■ Required action: Copy nothing but the lines running from the one containing "Details • Size" through the end of the listing below. Drop the pictures.

■ Data records:

+ + + + +

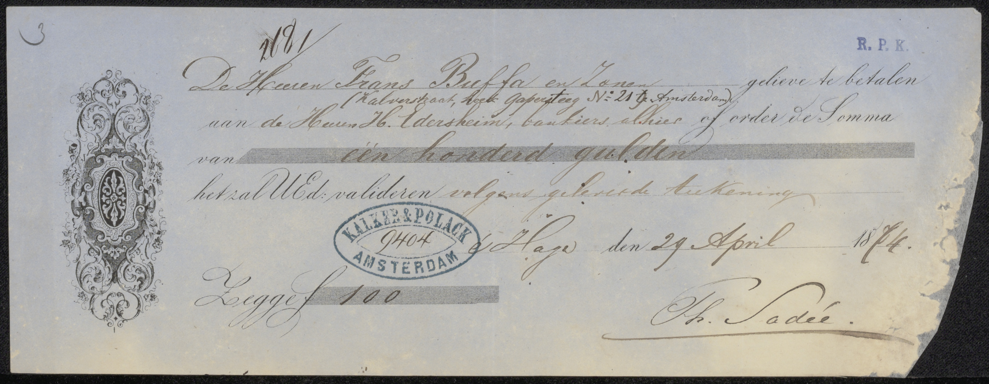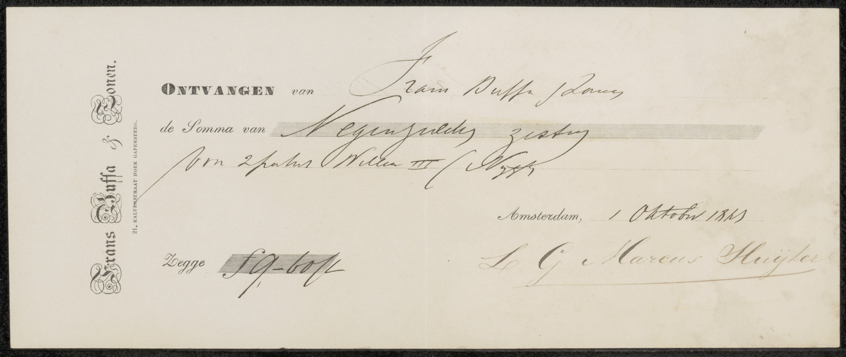 Kwitantie voor Frans Buffa en Zonen
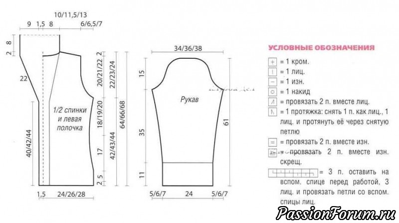 Ажурный узор:вязать по схеме, на которой приведены только лиц. р., в изн. р. петли вязать по рисунку.
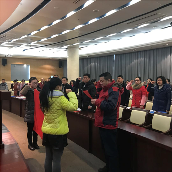 活动第一项议程,全体党员面对党旗举起右手,在龚和平同志带领下重温入党誓词,支部施英、黄川、周荣、王章莉、汤蓓蓓、尹红军同志诵读新修订党章总纲。
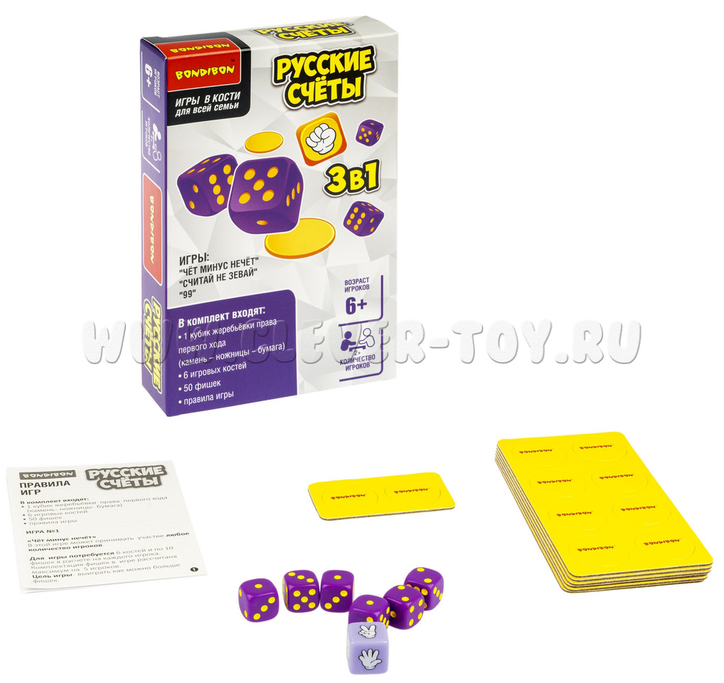 Настольная семейная игра в кости 3в1 "Русские счёты"
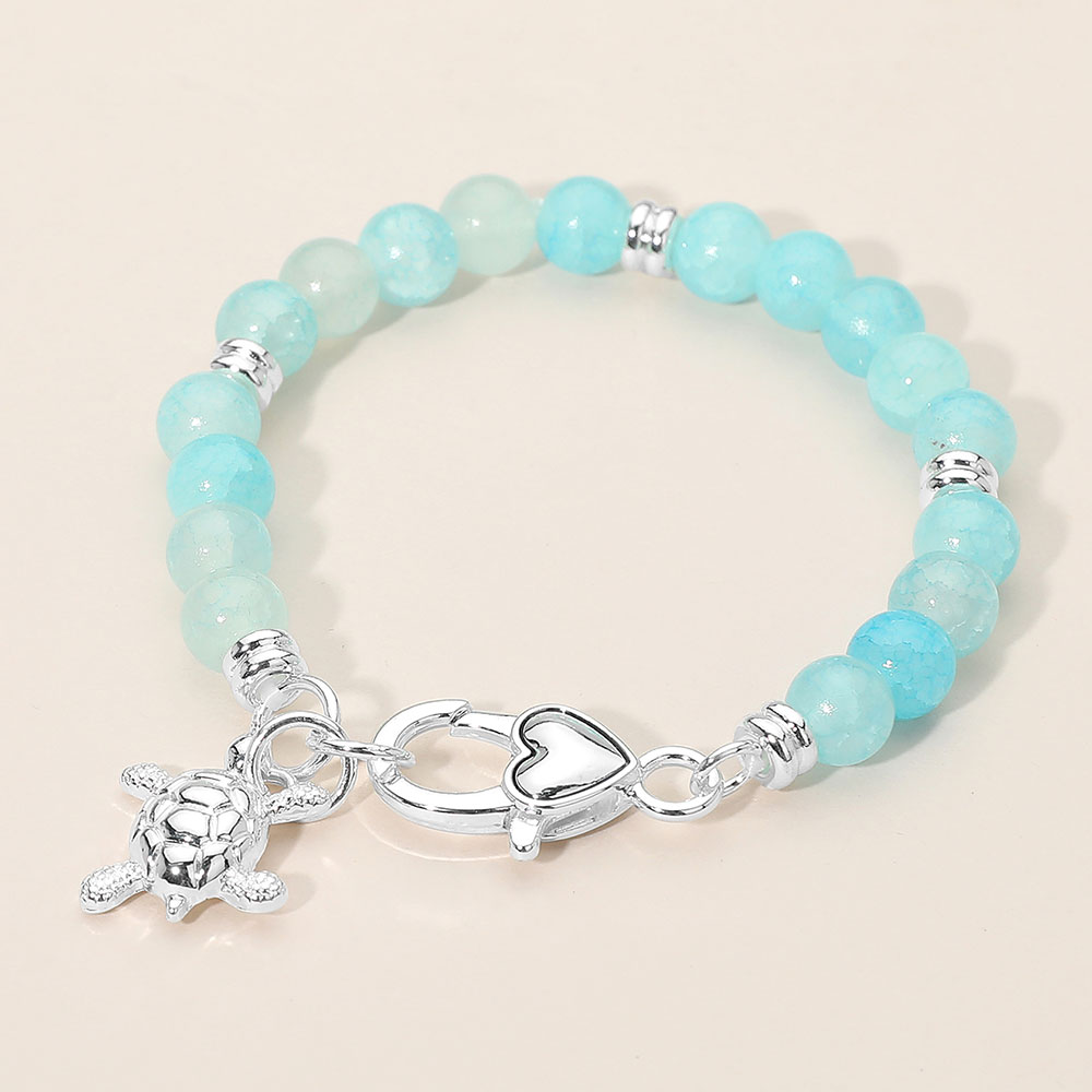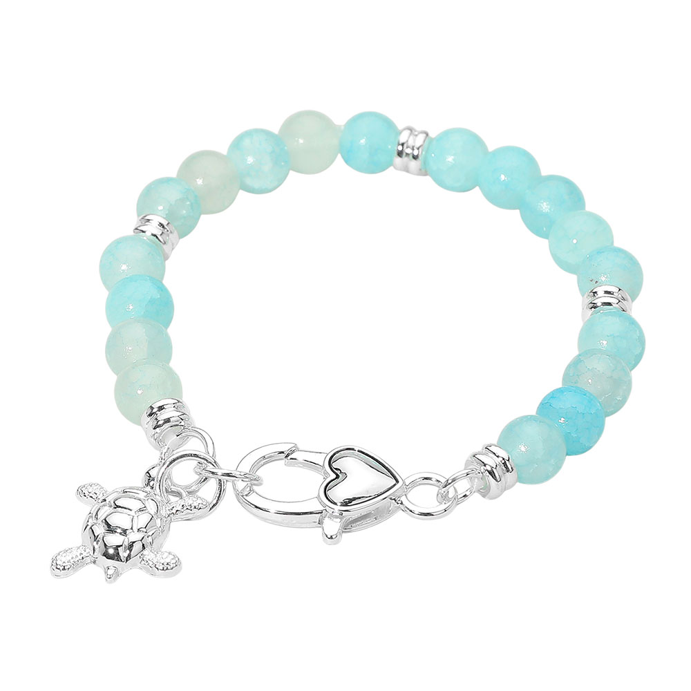 Details • Size : 0.3" H, 7" + 1" L • Charm Size : 0.75" X 0.75" • Lobster Clasp Closure • Charming beaded bracelet featuring a playful sea turtle charm and smooth round beads for a relaxed, coastal-inspired style. Designed for easy wear, gifting, and everyday accessorizing. A fun accessory that adds personality and a touch of nature to casual outfits and seasonal collections. • Lead and Nickel Compliant
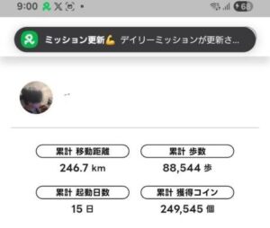 歩く系の報酬は多くて 0.5〜0.75円/日。
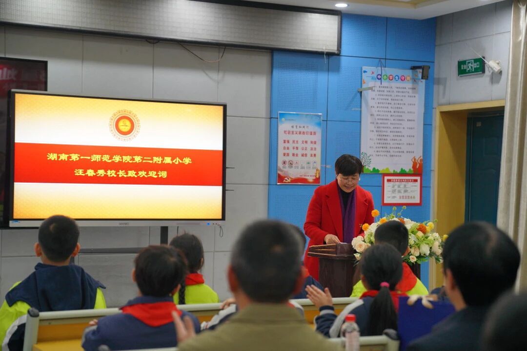 湖南一师二附小校长汪春秀首先致欢迎辞,她对各位专家、志愿者的到来表示诚挚感谢,并寄语同学们珍惜机会、主动探索求知,让科学精神照亮成长之路。
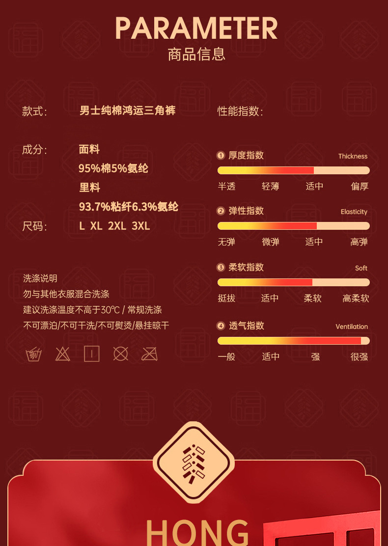 드래곤 Year Benmingnian 남자 브리프 면 항균 반바지 머리 섹시한 반바지 큰 빨간 결혼식 남자 속옷
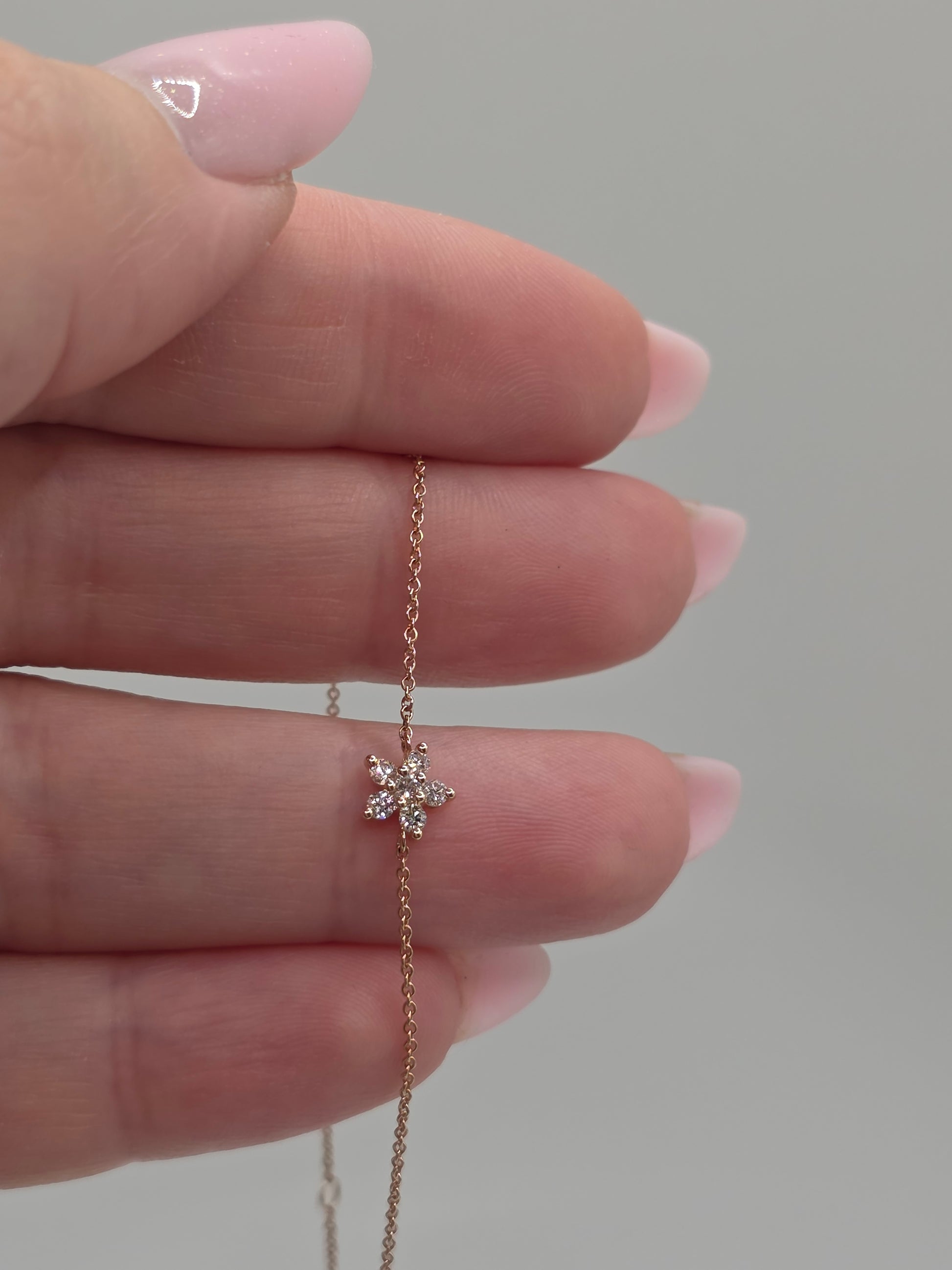 14K Solid Rose Gold Dainty Star Diamond Bracelet
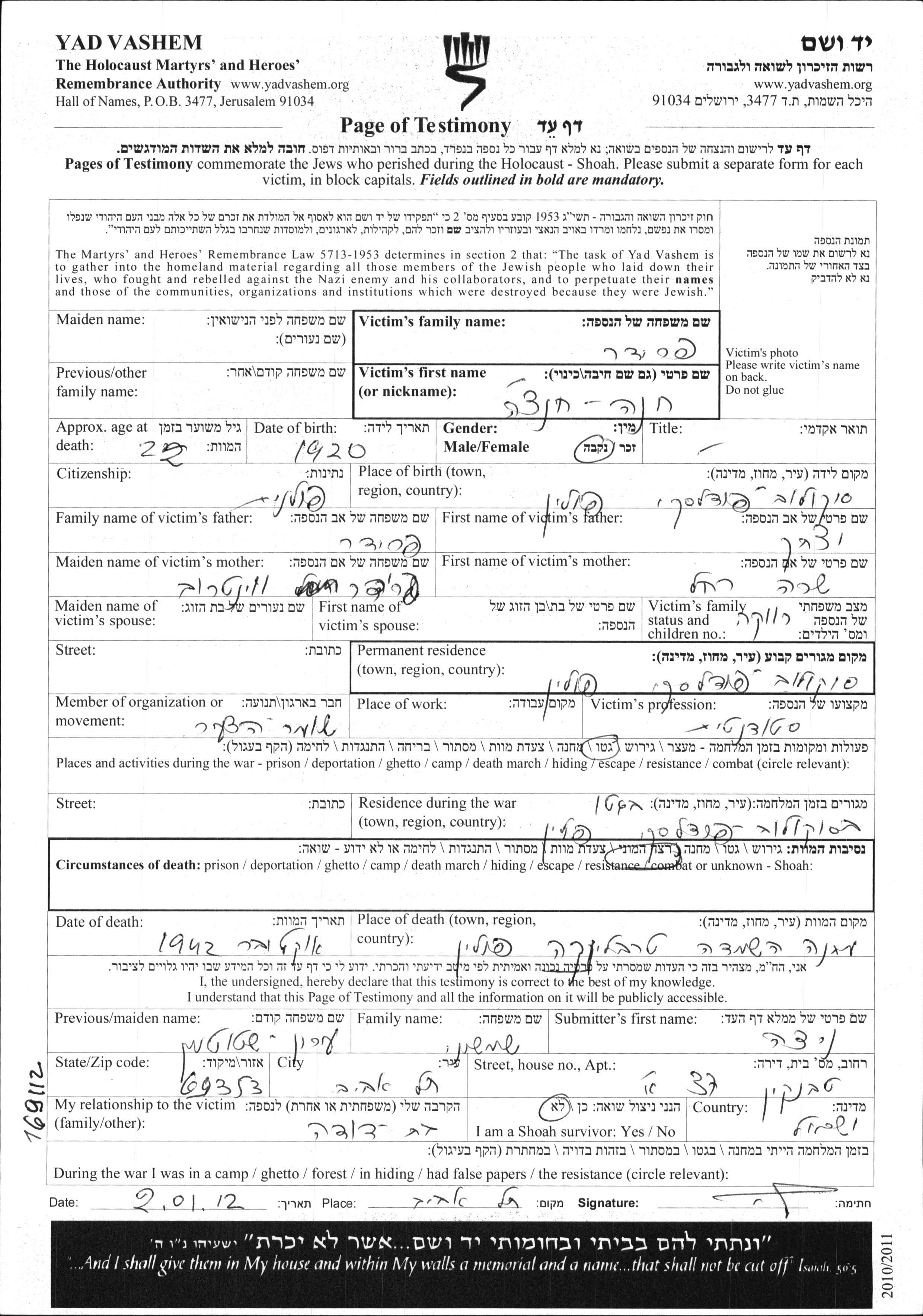 Chana Frider was born in Sokolow Podlaski, Poland, 1920 to Yitzkhak and Sara Rachel nee Veintraub. She was a student and single. Prior to WWII she lived in Sokolow Podlaski, Poland. During the war she was in Sokolow Podlaski, Poland. Chana was murdered in the Shoah. Place of death: Treblinka, Poland, 10/1942.

+ + + + +

■ Answer to this exercise:
 Details • Size : 0.3" H, 7" + 1" L • Charm Size : 0.75" X 0.75" • Lobster Clasp Closure • Charming beaded bracelet featuring a playful sea turtle charm and smooth round beads for a relaxed, coastal-inspired style. Designed for easy wear, gifting, and everyday accessorizing. A fun accessory that adds personality and a touch of nature to casual outfits and seasonal collections. • Lead and Nickel Compliant
 歩く系の報酬は多くて 0.5〜0.75円/日。
 湖南一师二附小校长汪春秀首先致欢迎辞,她对各位专家、志愿者的到来表示诚挚感谢,并寄语同学们珍惜机会、主动探索求知,让科学精神照亮成长之路。
 드래곤 Year Benmingnian 남자 브리프 면 항균 반바지 머리 섹시한 반바지 큰 빨간 결혼식 남자 속옷
 14K Solid Rose Gold Dainty Star Diamond Bracelet
 Chana Frider was born in Sokolow Podlaski, Poland, 1920 to Yitzkhak and Sara Rachel nee Veintraub. She was a student and single. Prior to WWII she lived in Sokolow Podlaski, Poland. During the war she was in Sokolow Podlaski, Poland. Chana was murdered in the Shoah. Place of death: Treblinka, Poland, 10/1942.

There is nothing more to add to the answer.